Press regulation in the U.K.: Royal Charter Applies to Internet

BBC News – Press regulation: How royal charter applies to internet.

In this article, I find it extremely interesting, and I see both sides of the coin.  On one side, we have a regulated press, where approved concepts and ideas are allowed to be expressed, even by the common blogger.  In the U.K. you need a license for a T.V., however, some of the rationale for this may be specifically for news or stories that are accurate comes back from a long history at the Associated Press, where news needed to be confirmed by three sources.  In addition, the history of the Assiociated Press is an interesting one.  If there was a ship from England entering the bay, people would take row boats out, and compete to get the news from the ship, so it was agreed to send one ship and share the news.

In essence, regulated news, maybe for political reasons, maybe to not ensure a panic to maintain a society in case of an emergency, after all, a thought, a single idea, as they say on the Internet can be believed to be true if articulated well, and go ‘virual’ as they say, and pass for believable, and something that was not true, may cause societal breakdown, to the extreme.  One case of this is the broadcast in the United States that caused a mild panic, because people thought it was a plausable story, it was 1938, and it was the War of the Worlds, appropriately coined a few years before world war.

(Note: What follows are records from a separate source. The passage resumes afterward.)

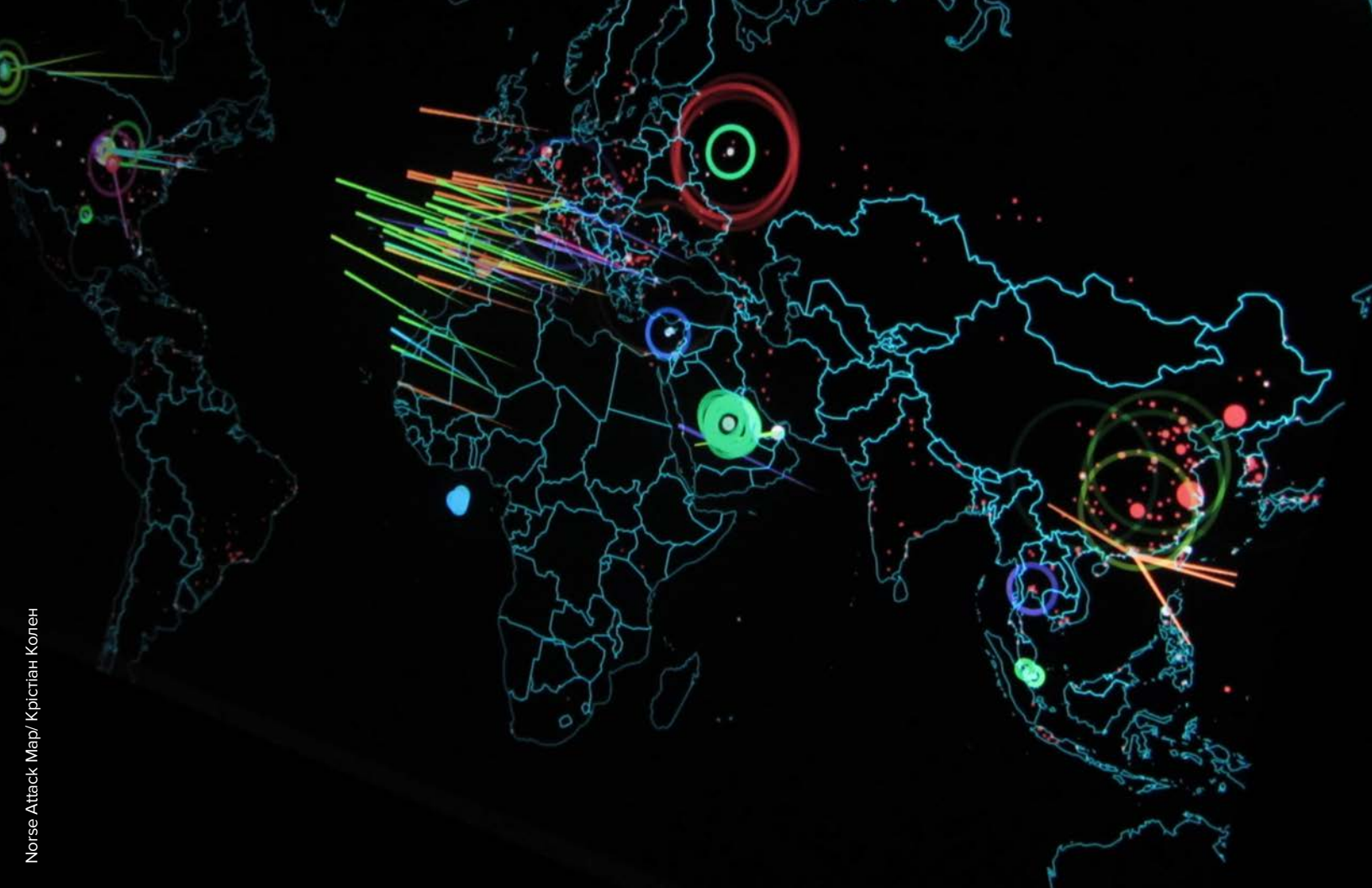
13 вересня 2015 р.: Мапа ілюструє кібератаки, що завдаються, в режимі реального часу.

Більшість концепцій, що оцінюють головні риси гібридних заходів, підкреслюють інтеграцію владних зусиль на багатьох рівнях (дипломатичному, економічному, інформаційному та військовому) як визначальний компонент гібридності. В контексті України можна виділити дві широкі форми гібридних заходів: «гібридна війна» та «гібридні загрози». «Гібридна війна» описує діяльність, яка безпосередньо пов'язана з районом збройного конфлікту на сході України, тоді як «гібридні загрози» – це ширший набір заходів з примусу та/або тиску, що здійснюються на всій території України, а також спрямовані проти її партнерів. Важливо визнати, що ступінь та інтенсивність гібридних заходів різнилися у різних місцевостях та протягом певних відрізків часу під час конфлікту. На момент написання цього звіту, дослідження показують, що вплив гібридних загроз на цивільне населення по всій території України був принаймні таким же великим, як вплив гібридної війни на сході України.
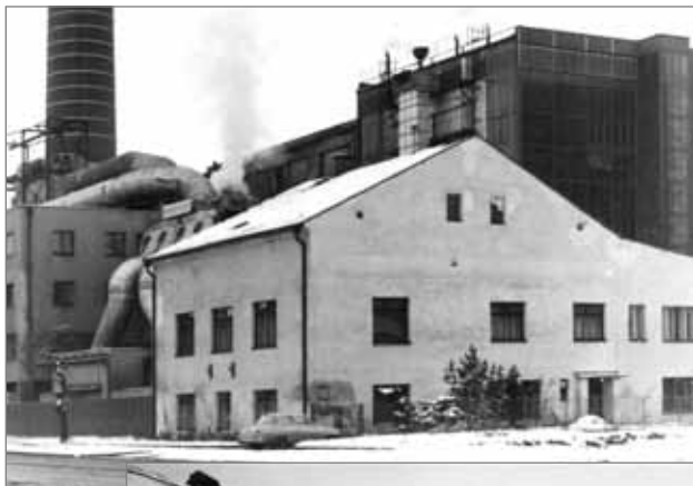
U Terčů (stav před demolicí)
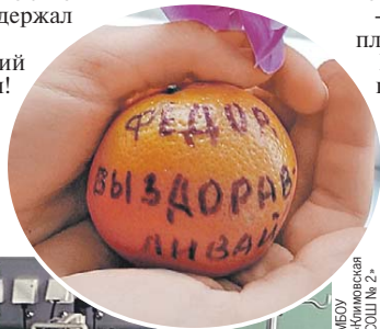
МБОУ «Чирковский СОШ № 2»
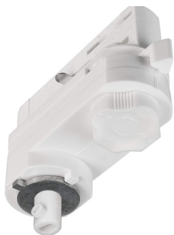
710097 Verkehrsweiß traffic white

IMPORTANT: Never move an already installed track adapter within the track while it is under voltage, as this may damage the connected luminaire.
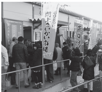
にぎわいが「さいかい」された市場

「のぼり旗」、更には植栽を施設内に飾るなど、女性部らしい応援もあって、当日はオープンを心待ちにしていた大勢の買物客で賑った。
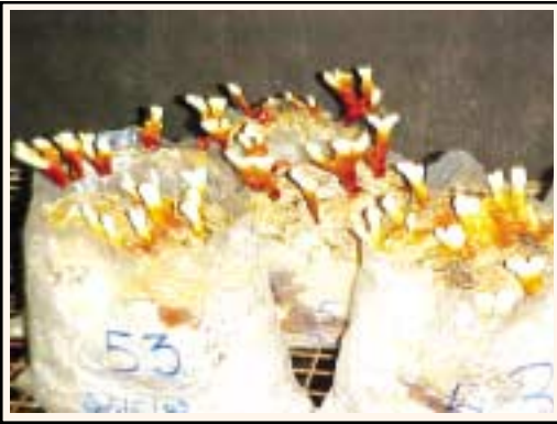
रिशी में पिन्निंग प्रारंभ

जब बैग पूरी तरह सफेद हो जाये, थोड़ा पीला पड़ने लगे और टाप पर काले बुरादे का
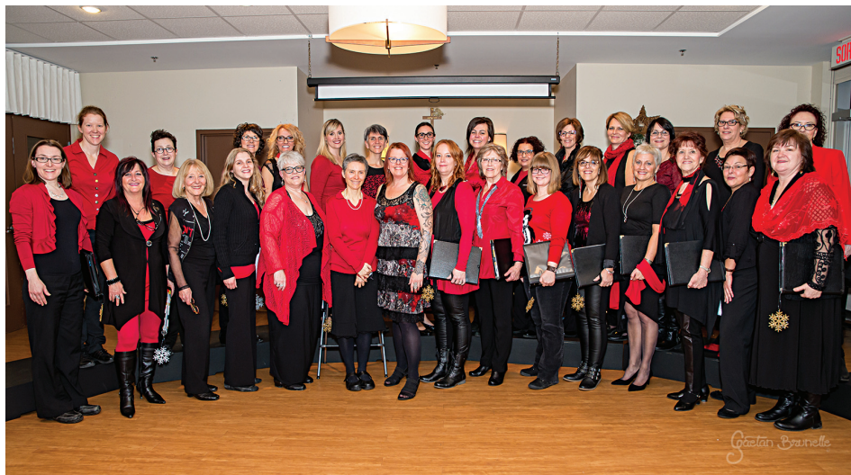
Les membres de Folles harmonies convient la population féminine à venir les rencontrer pour une audition.

Amoureuse du chant, l'ensemble vocal Folles harmonies ouvre sa porte et son chœur et désire vous recruter!
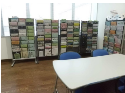
パンフレットコーナー
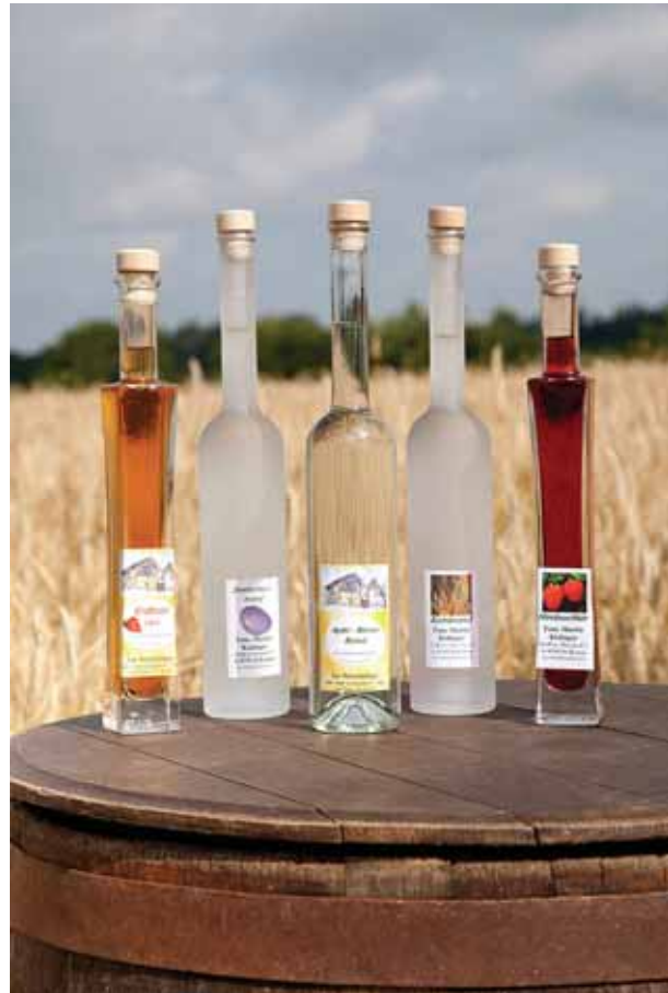
Bild 11: Zur Herstellung von Alkohol unter Abfindung werden selbstgewonnene alkoholbildende Stoffe auf einem zugelassenen einfachen Brenngerät verarbeitet.

Wird eine zur Herstellung von Alkohol verwendete Vorrichtung erworben oder veräußert (z.B. Übergabe/Übernahme bzw. Verkauf/Kauf eines land- und forstwirtschaftlichen Betriebes), muss dies dem zuständigen Zollamt innerhalb einer Woche (gerechnet vom Eintritt des anzuzeigenden Ereignisses) schriftlich angezeigt werden. Die Anzeige kann formlos oder unter Verwendung eines Formblattes (siehe Änderungsanzeige im Anhang) erfolgen. Von der Meldepflicht ausgenommen sind Brenngeräte bis 2 Liter, die nicht zur Alkoholherstellung verwendet werden (z.B. zu Ausstellungszwecken).
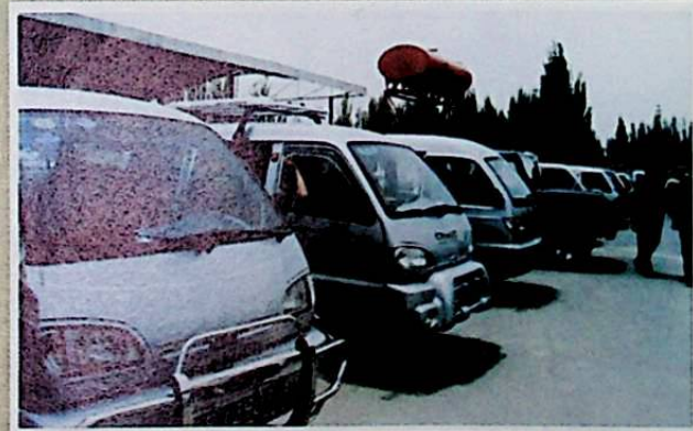
كونا ماشىنا بازىرىدىكى خېرىدار كۈتۈۋاتقان ماشىنىلار
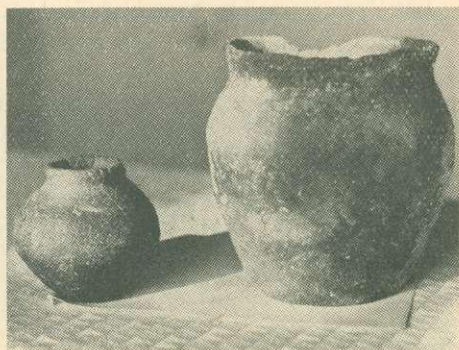
1. ábra. Szarmata — jazig égetett agyagedények

A legállandósultabb régészeti emlék az erdőn keresztül húzódó „Csörsz árka”. Az 5 km hosszú árok-vonulat több helyen derékszögben megtörik. Helyenként négy méter mélységet és kilenc méter szélességet is elér. Az árok melletti töltés mindig az árok déli részén van. A „Csörsz árka” (avar árok, ördög árok
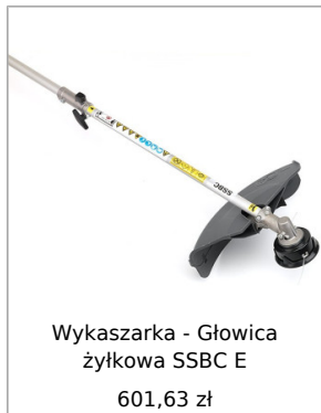
Wykaszarka - Głowica żyłkowa SSBC E 601,63 zł
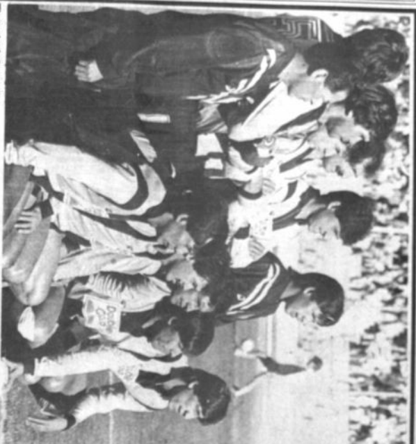
Tigre de Achumani Miembros de The Strangers que desde hoy se ubicarán a preparar su viaje al Ecuador y todo lo relativo a la venta de entradas.

El "Tigre" comienza a pensar en la copa Analizará esta noche propuesta para su viaje al Ecuador
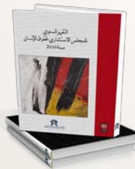
Rapport annuel du Conseil consultatif des droits de l'Homme 2010
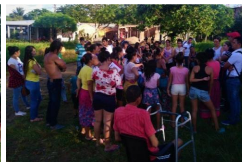
Foto 6. Encuentro de la comunidad.
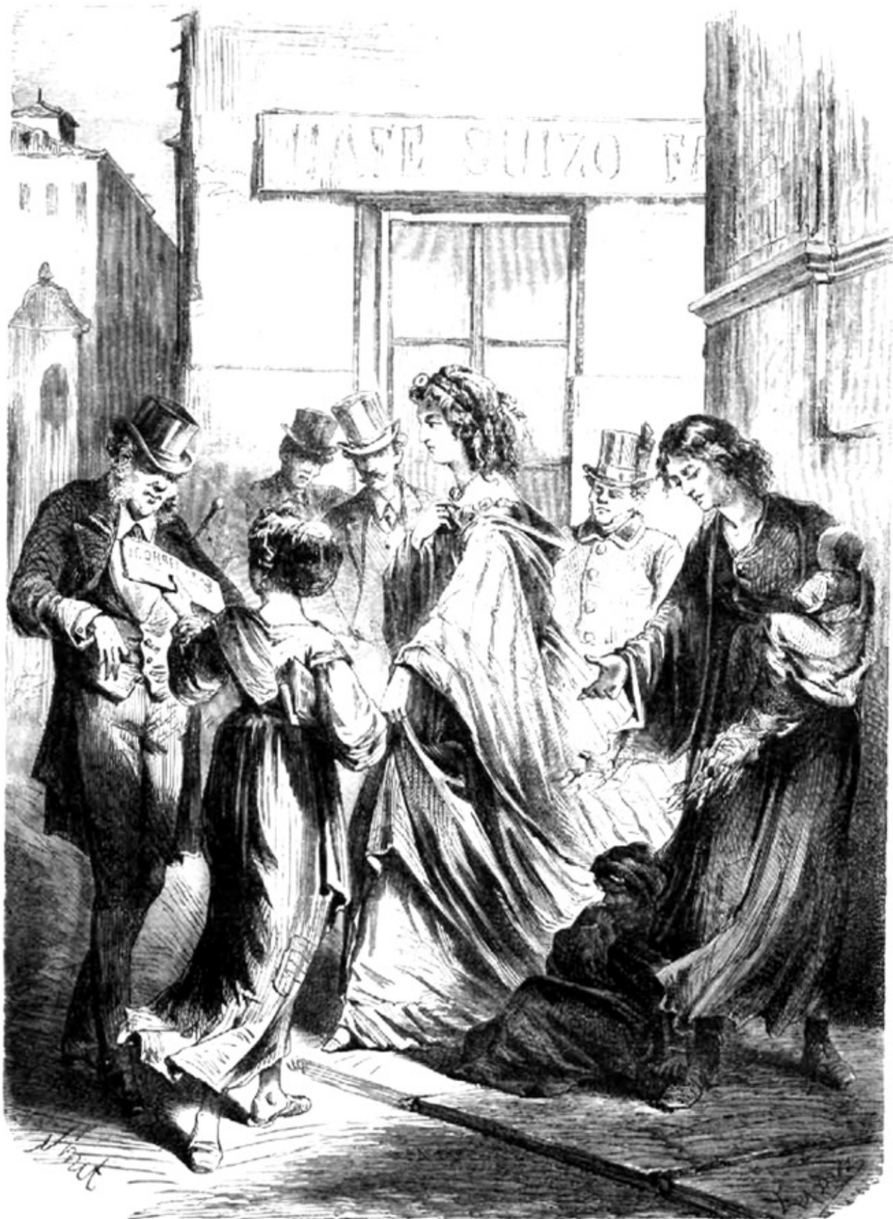
MADRID.— LA ESQUINA DE LA CALLE DE LOS PELIGROS.

La Ilustración española y americana : Revista de bellas artes y actualidades. 15/12/1870.

An argument can be made to the contrary, which is one person may report a factual story, but yet, without government sanction, the story would have legal precident to be blocked, recended, and the person may be fined or jailed, depending on the story.  Is this good, is this a removal of such liberties as the United States has the freedom of speech, which this country was founded upon?  Is this now an archaic principle?  Only time will tell.